MATERIAL SHOWN: Begin

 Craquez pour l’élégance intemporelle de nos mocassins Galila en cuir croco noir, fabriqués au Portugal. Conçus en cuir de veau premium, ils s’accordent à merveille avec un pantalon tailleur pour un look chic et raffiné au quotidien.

MATERIAL SHOWN: End
MATERIAL SHOWN: Begin

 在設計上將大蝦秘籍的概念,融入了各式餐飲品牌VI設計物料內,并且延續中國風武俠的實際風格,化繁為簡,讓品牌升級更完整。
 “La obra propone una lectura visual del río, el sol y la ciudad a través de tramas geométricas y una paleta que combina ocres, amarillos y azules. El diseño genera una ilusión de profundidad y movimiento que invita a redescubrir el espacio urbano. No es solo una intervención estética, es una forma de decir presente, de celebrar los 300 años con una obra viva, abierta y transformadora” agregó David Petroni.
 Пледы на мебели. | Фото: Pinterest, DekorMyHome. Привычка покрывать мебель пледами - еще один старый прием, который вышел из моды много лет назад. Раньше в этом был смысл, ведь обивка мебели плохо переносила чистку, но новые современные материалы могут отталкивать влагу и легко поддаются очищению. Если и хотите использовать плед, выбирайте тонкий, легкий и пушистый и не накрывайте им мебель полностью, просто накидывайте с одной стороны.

MATERIAL SHOWN: End

### WORK ORDER
Extract from the listing above the lines between the line containing "agregó David Petroni." and the line containing "Пледы на мебели.", keeping both of those lines. Output nothing else.

### ANSWER
 “La obra propone una lectura visual del río, el sol y la ciudad a través de tramas geométricas y una paleta que combina ocres, amarillos y azules. El diseño genera una ilusión de profundidad y movimiento que invita a redescubrir el espacio urbano. No es solo una intervención estética, es una forma de decir presente, de celebrar los 300 años con una obra viva, abierta y transformadora” agregó David Petroni.
 Пледы на мебели. | Фото: Pinterest, DekorMyHome. Привычка покрывать мебель пледами - еще один старый прием, который вышел из моды много лет назад. Раньше в этом был смысл, ведь обивка мебели плохо переносила чистку, но новые современные материалы могут отталкивать влагу и легко поддаются очищению. Если и хотите использовать плед, выбирайте тонкий, легкий и пушистый и не накрывайте им мебель полностью, просто накидывайте с одной стороны.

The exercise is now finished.